The quick answer: Nothing. There is nothing that legitimately qualifies me as a personal finance expert. I don’t have a degree in business, finance, accounting or anything of that nature. I’ve never been a business owner. I don’t have any certificates, licenses or fancy letters after my name. I’ve never run a company. Hell, I’ve never even been a supervisor. So really, nothing formally qualifies me as an expert.
I continued in my rambling by saying that I rarely give how-tos and I even more rarely dispense information on topics such as IRAs, life insurance, mortgages, etc. I leave that to other bloggers who are legitimately qualified to discuss them. I am not an authority or an expert on those topics and I don’t pretend to be. I even mentioned that I have a disclaimer telling my readers that I’m not an expert and that the information shared is based solely on my experience, opinions and mistakes. This person seemed satisfied with the answer and moved on.
But here’s the problem: I don’t really believe that answer. I do think I’m an expert. I’m not an expert in the global sense or in the manner of Dave Ramsey or Suze Orman, and I’m certainly not qualified to dispense professional advice. But I am an expert on me and my finances. I’m an expert on my life. I know what I did, what I didn’t do and what I should have done. I’m an expert on my stories, experiences and opinions. I’m an expert on what I’ve learned works and doesn’t work for me. I’m an expert on what I wish I had learned. I learned enough to be able to articulately and authoritatively discuss personal finance as it relates to me.
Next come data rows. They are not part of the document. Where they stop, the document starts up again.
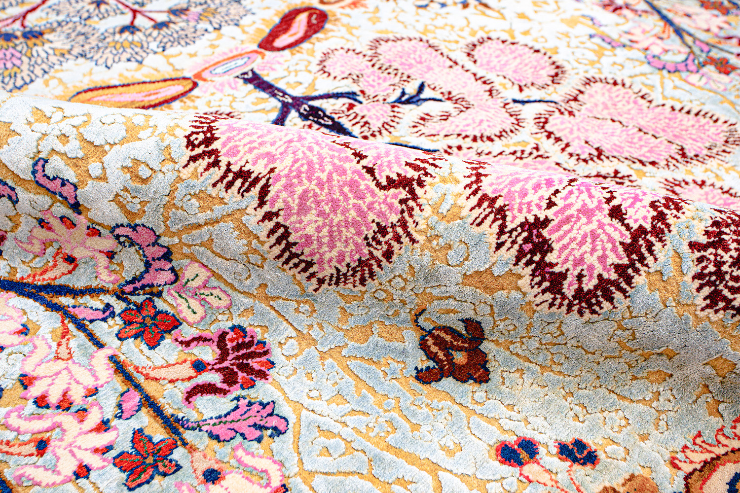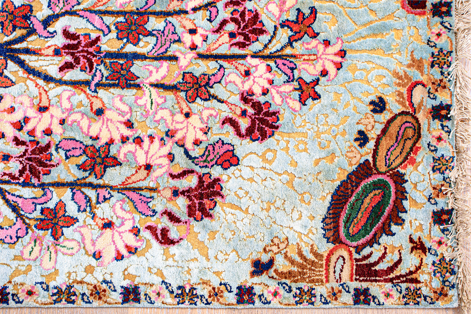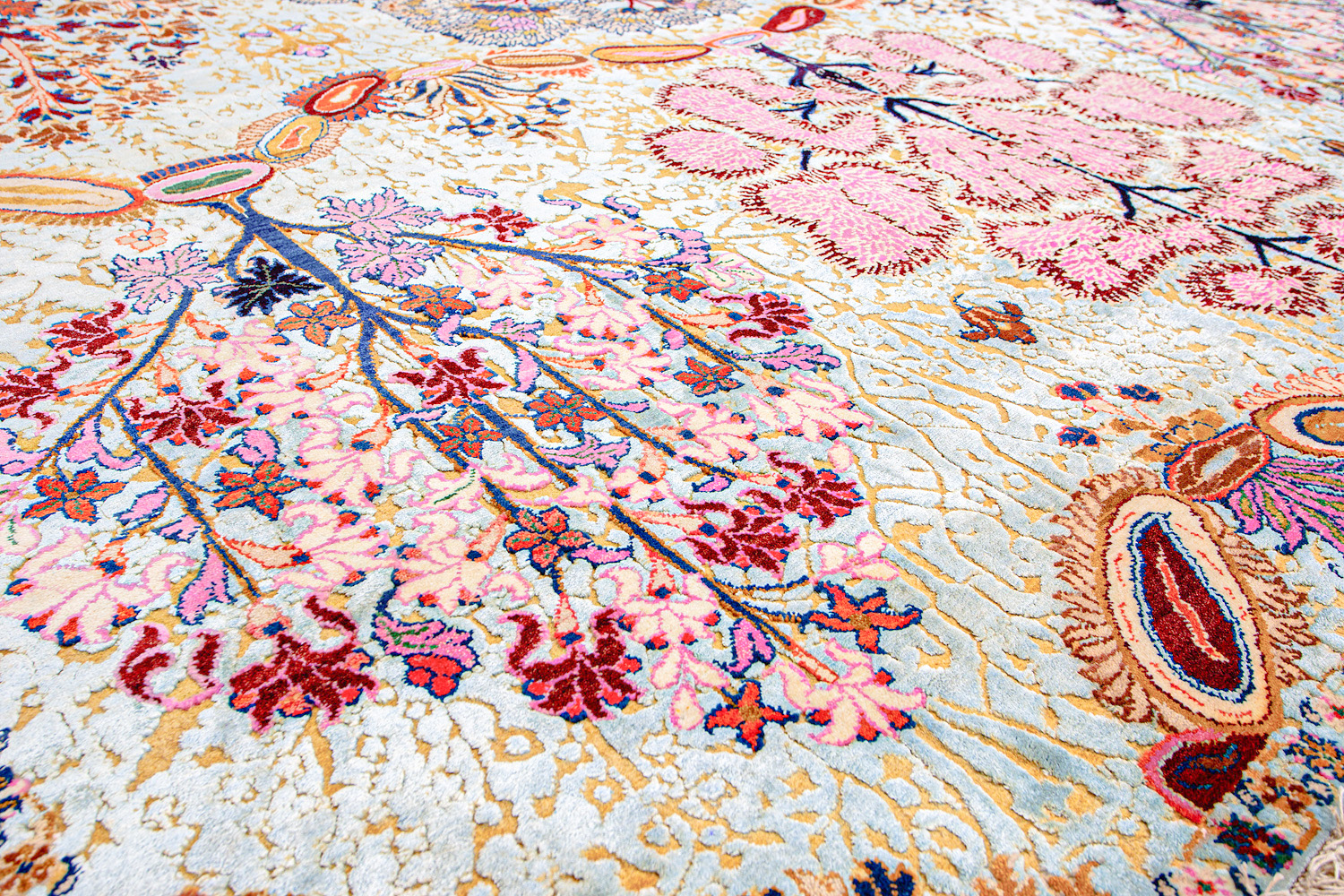 Родина этих ковров Индия и Пакистан. Чтобы создать такое произведение искусства у мастеров уходит от одного года до двух лет. Плотность ковров, в зависимости от размера, составляет от 150 000 до 400 000 узлов на квадратный метр.
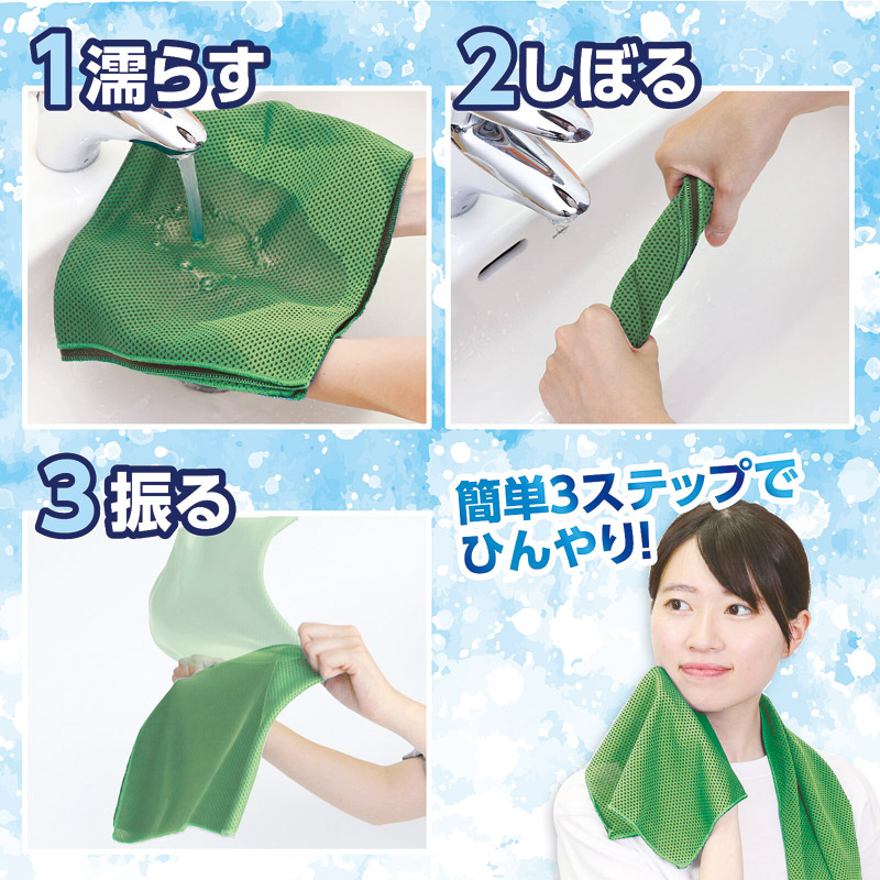 ログイン瞬時に超冷感。水につけて絞って振るだけでひんやりクール。
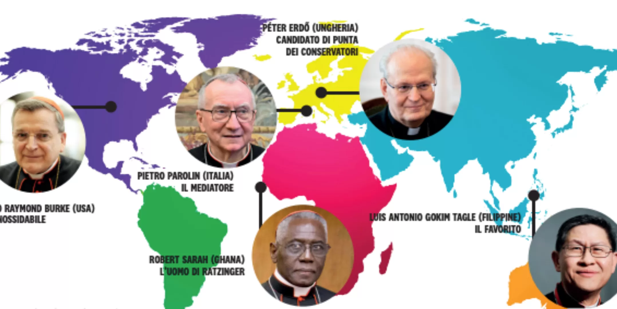 Non è un mistero per esempio che i conservatori americani scottati dall’appoggio dato a Bergoglio nel 2013 questa volta puntino su un profilo come Leo Raymod Burke, che ha nel proprio cognome l’essenza del conservatorismo, e che Donald Trump gradirebbe, cosa che però rischia di rappresentare un freno per la candidatura di Burke, anche se il tema dell’obolo di San Pietro dalle donazioni americane non è argomento da sottovalutare. Così come sempre sul fronte conservatore resta salda la figura dell’arcivescovo di Budapest Péter Erdö. Sul fronte vicino al defunto pontefice da sempre favorito è il Filippino Tagle, mentre resta in ballo una figura d’equilibrio e chissà di transizione come Pietro Parolin. In corsa anche il guineano Robert Sarah, l’uomo di Ratzinger.
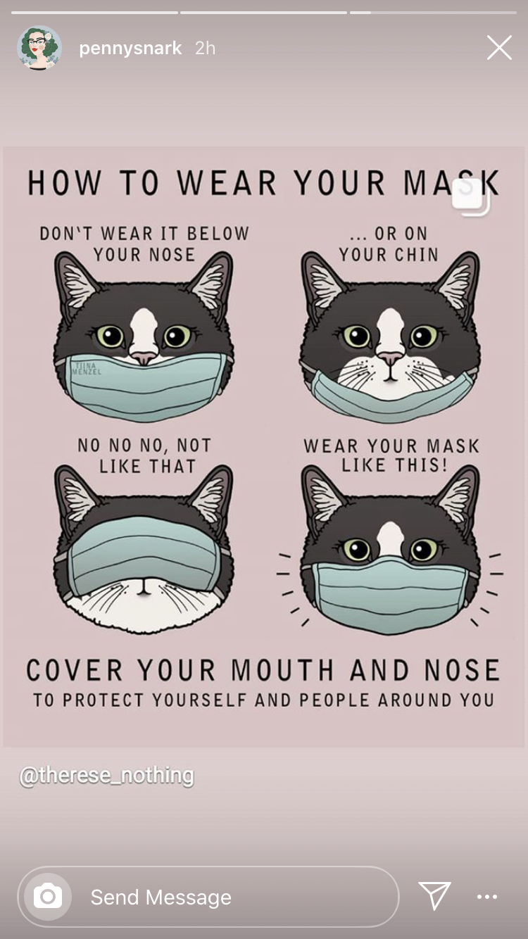 @pennysnark on shared a meme in her instagram story. The meme is a cat wearing a mask in various fashions with explanations on the proper way to wear a face mask.
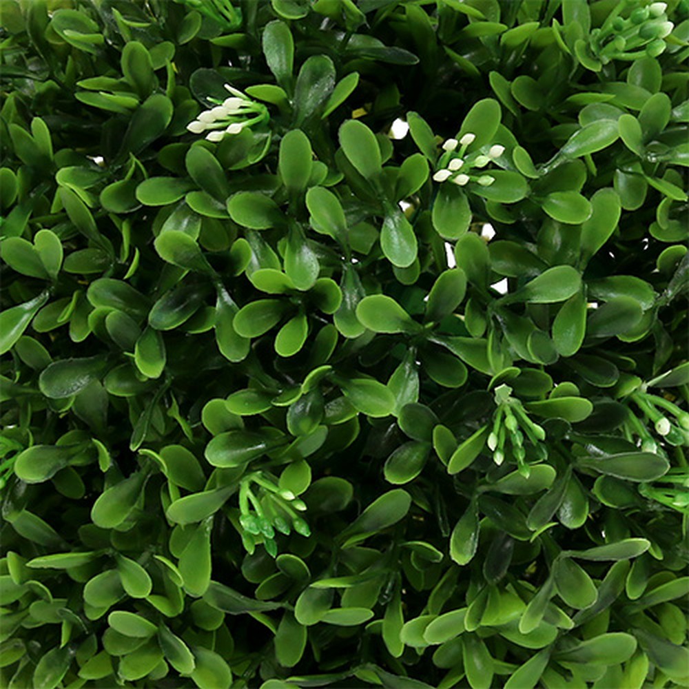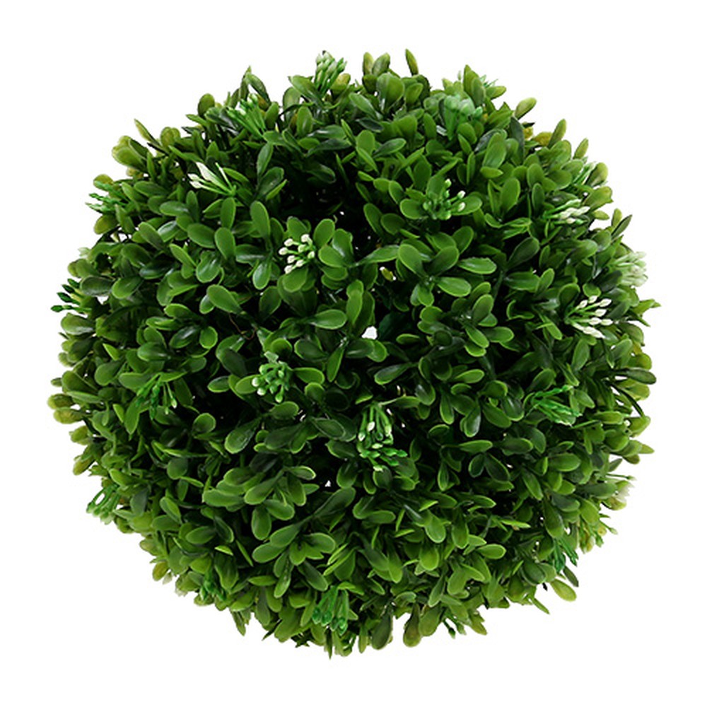 Dirbtinis buksmedžio rutulys yra maždaug 18 centimetrų skersmens ir pagamintas iš aukštos kokybės, oro sąlygoms atsparaus plastiko. Be sodrių žalių dirbtinio augalo lapų, visada galite pamatyti mažus, uždarus baltus žiedus, kurie tiesiogine prasme suapvalina bendrą dekoratyvinio augalo vaizdą.

The core of this whole discussion, for me, is the term “personal finance”. The word personal is what I’m choosing to focus on. Yes, there are basic concepts of general finance. But personal means that each person can take those concepts and apply them as needed to her own situation. That is what I claim to be an expert in–my personal finance and how my experiences with my finances have affected my perspective.
And that’s what makes me an expert. While I knew about credit, budgeting, saving, investing, insurance and all of the other components of personal finance in it’s abstract concepts, I didn’t really get my education until I had to. If I wanted to eat and pay my bills, I didn’t have a choice but to learn. I took it upon myself to learn how to budget and get out of debt. I read and talked to people and then read some more. I took that information and applied it to my situation. By getting into and out of debt, I’ve learned more about the practical application of personal finance than I would have had I had a degree or license or certificate.
Let me be clear. This is not to say that I believe that a basic, school based education is not important. I think that all kids should be taught the basics of personal finance, especially since so many kids do not get that education at home. I didn’t. But I learned about it in school. That basic education made it possible for me to write checks, manage a bank account and pay bills when I was in college. But I didn’t get the real, hardcore education I needed until I found myself deep in debt. That’s when I started reading, learning and practicing the fundamental concepts of personal finance. That’s when I learned how to take those abstract concepts, make them concrete, and use them in my life.
I hope that as I tell my stories and share my perspective, people can learn from them. I hope that some of my stories are a cautionary tale, some are inspirational and some are just entertaining. What’s important to remember is that those experiences made me a smarter, more knowledgeable person who is now equipped to share that firsthand knowledge with others. My hope is that others can learn from my experiences. If one person can get on her own path towards being debt free or if I prevent one person from going down the same road I traveled, then I did a good thing.
So the next time someone asks me what qualifies me to be an expert, I have my answer. That answer? Life. Life made me an expert.
How would you have responded to that question?